Но дореволюционные фотокарточки привлекали гораздо больше. Почему? Савва так никогда не разобрался и в этом. Дошкольником он весьма смутно понимал, что такое революция, – сбивчиво объясняли воспитатели про какой-то «октябрь», к которому имел отношение дедушка Ленин – «наш вождь», да маму «гоняли на демонстрацию на ноябрьские». Но незримый водораздел между эпохами мальчик неизменно проводил в нужном месте: «А это до революции или после?» – и, получив ответ, что «до», загорался немедленным интересом.

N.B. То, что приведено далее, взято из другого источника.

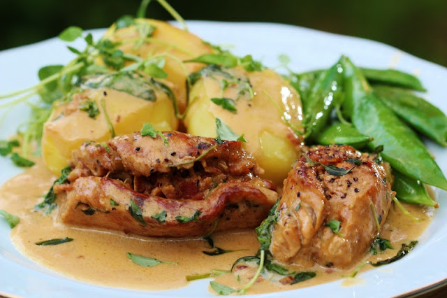 Fyllningen blev ett fräs med bacon, purjolök och lite färsk timjan. Rulladerna puttrar först i en buljong, sedan tillsätter man grädde och det får puttra lite till. Precis på slutet lyfter man ur rulladerna, kastar ner färsk babyspenat i grädden och stuvar minutsnabbt. Såsen blir helt fantastiskt god och rulladerna saftiga och smakrika. Servera med kokt potatis (jag fick tag på vinterpotatis jippi) eller ris och gärna snabbfrästa sugar snaps som blir härligt knapriga.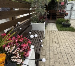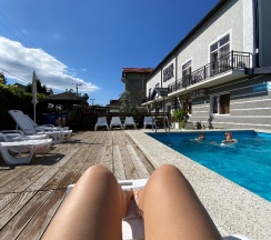 Отель, в который хочется вернуться и мы так и сделали, были тут дважды с разницей в неделю. Местоположение на другой стороне села от сильного трафика, спокойнее и зеленее. Сетевые магазины в шаговой доступности, в кафе ездили неск раз, минут 10-15 на машине — понравилась «Веранда». В отеле встретили нас прекрасно, персонал ВЕСЬ внимателен на протяжении всего отдыха. Здесь идеально с детьми, им большое внимание — при заселении оба раза вручили дочке подарочный детский набор, каждый вечер с 17:00 была детская анимация (даже когда наш ребёнок был один из детей — с ней всё равно проводили время 🥹🫶🏽 и ей было весело) во время анимации маленькие угощения детям, мультфильмы на проекторе. Отель как новый, чувствуешь себя максимально комфортно что на территории, что в номерах. Супер уютно. Чистота и порядок везде! Хорошо работающий WI-FI (что нам было важно), душ с хорошим напором воды, вода горячая, а не еле теплая. Удобнейшие спальные места с хорошими матрасами и подушками, раскладной большой диван для ребёнка. У нас был номер с балконом оба раза, спали с открытым, никто не шумел) Завтраки включены в стоимость — есть всё, что нужно! Обеды за отдельную стоимость тоже брали пару раз, советую, кухня — по домашнему вкусно и очень сытно. Есть зона столовой (чай/кофе/микроволновая печь и кипяток всегда), большая качель, детский домик с игрушками, две беседки, мангальная зона (уголь, розжиг, решетки) с раковиной рядом. Мясо готовили с большим удовольствием! А, и ещё, при отеле прикольный фудтрак (закуски, пицца, роллы. что-то перекусить спокойно можно и там) Ну и конечно же бассейн, который ДЕЙСТВИТЕЛЬНО с подогревом, шезлонги, рядом тут же душевая и уборная. На море чуть ли не каждый час Вас возит свой автобус, мы там были всего раз, пляж из камней не для нас 😁 Минусов не нашла вообще, и мы очень удивились, насколько продумана каждая мелочь здесь, которых ещё масса и не хватит места здесь описать. Обязательно приедем ещё и будем советовать всем. А Бабушке Камбале процветания!
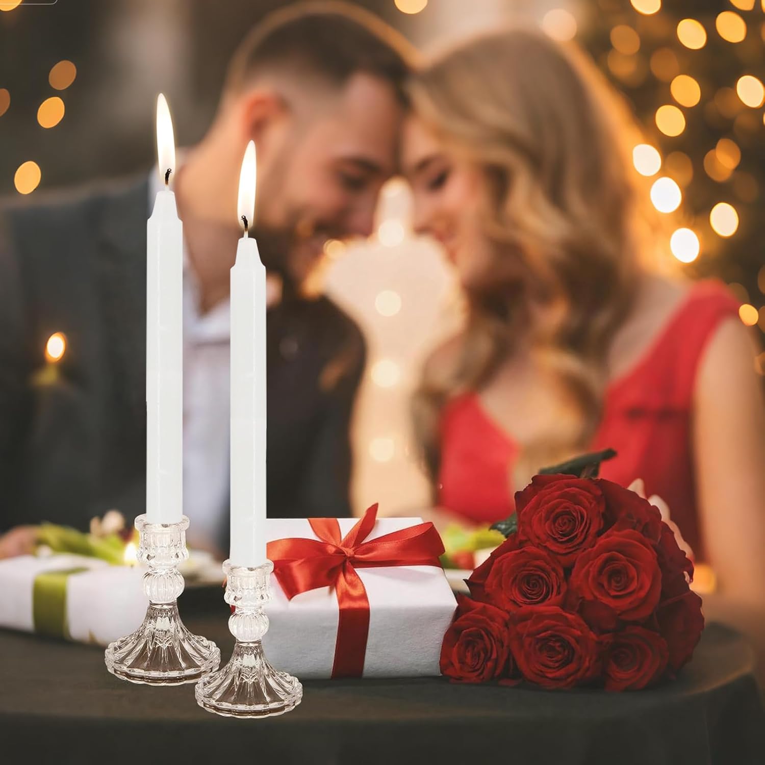• Ribbed Taper Candle Holders:Classic taper candlestick holders have a chic shape with prominent texture and stripe clear appearance, it can reflect the candle light gorgeously,collocate with other small candle holders and table centerpieces decoration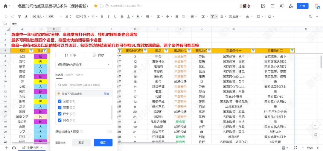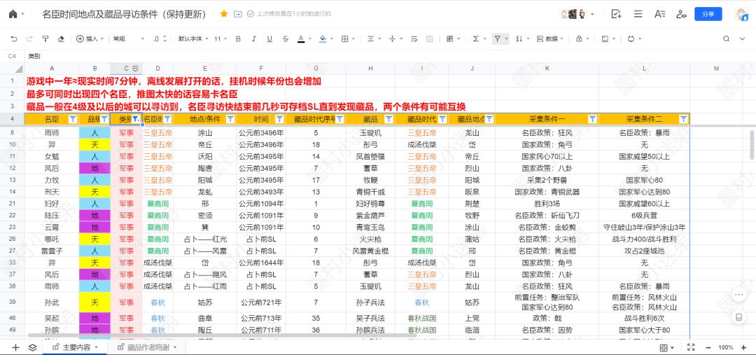 今天带来名臣时间地点及专属藏品寻访条件一览,会随着版本更新或者勘误持续更新,按图索骥,方便集齐名臣及藏品!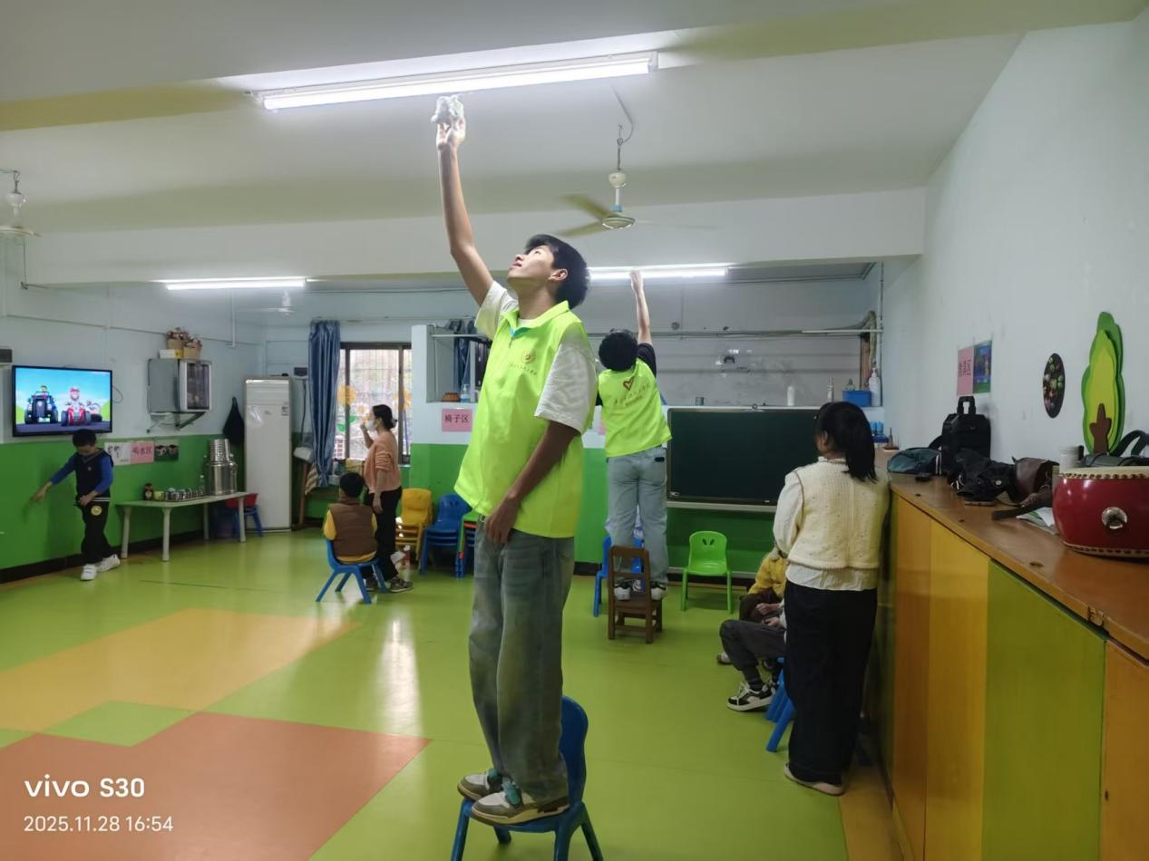 每颗星星都有其独特的轨迹,每一个孩子也拥有与世界对话的独特方式。为传递“尊重、包容、平等”的融合教育理念,以实际行动关爱自闭症儿童,2025年11月17日至12月12日,bb贝博艾弗森官网组织开展了“慧聚星光,聪暖童心”志愿服务活动。来自化学工程学院与外国语学院的135名志愿者分批走进茂名市慧聪康复训练中心,通过持续的陪伴与细致的协助,为孩子们带去了温暖与支持,也为康复教育注入了青春活力。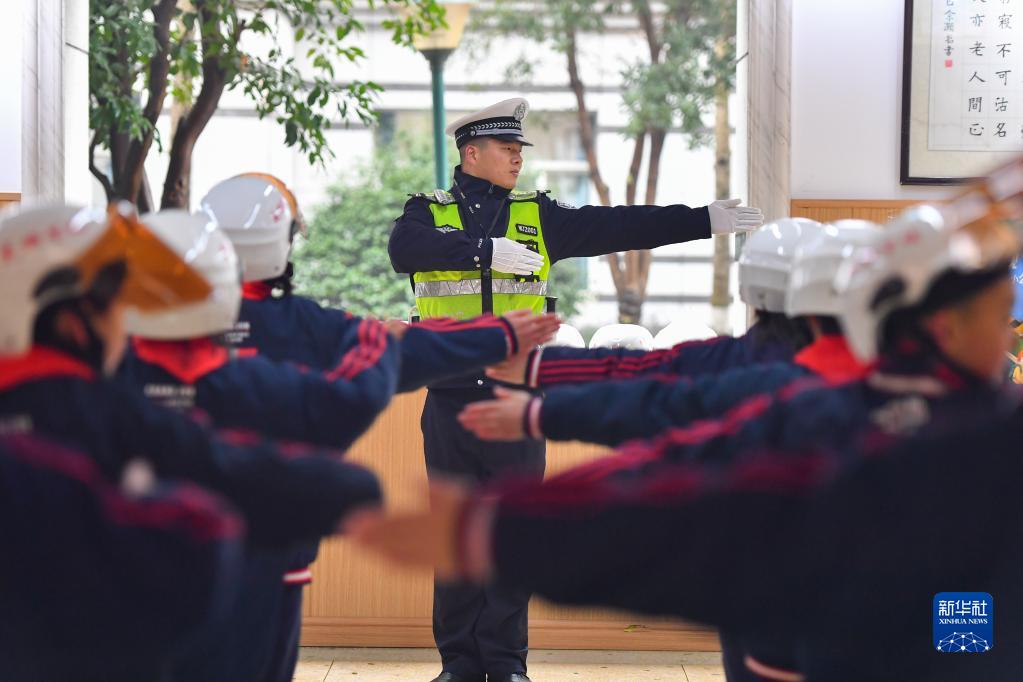 2月6日,在長沙市望城區長郡月亮島學校,交警帶著學生們體驗交通指揮手勢。

Жизнь «до», определенно, была абсолютно другой, и он хотел бы жить именно так – вот какое четкое знание у него в те годы имелось!
«А это? – спросил он в очередной раз, наткнувшись на почему-то обойденную раньше вниманием и сидевшую в тисненой картонной ячейке фотографию, где на невнятном казенном фоне сидел в кресле студент в тужурке и фуражке – а рядом стояла девушка в круглой шляпке, но не в дореволюционной юбке до пят, а в укороченной, позволявшей видеть смешные остроносые ботинки с высокой шнуровкой. – До или после?» И вдруг дедушка чуть-чуть потемнел лицом, оно словно на секунду застыло от воспоминания. Впервые ответил непривычно жестко: «Вскоре после. Это мой друг Савва с женой. Они только что обвенчались. Не вздумай вынимать, пожалуйста, – и вообще не трогай». Присмиревший мальчик мгновенно понял, что настаивать не следует…
Но была и третья большая радость в его дошкольном детстве: дедулины «штуки» в его «конурке».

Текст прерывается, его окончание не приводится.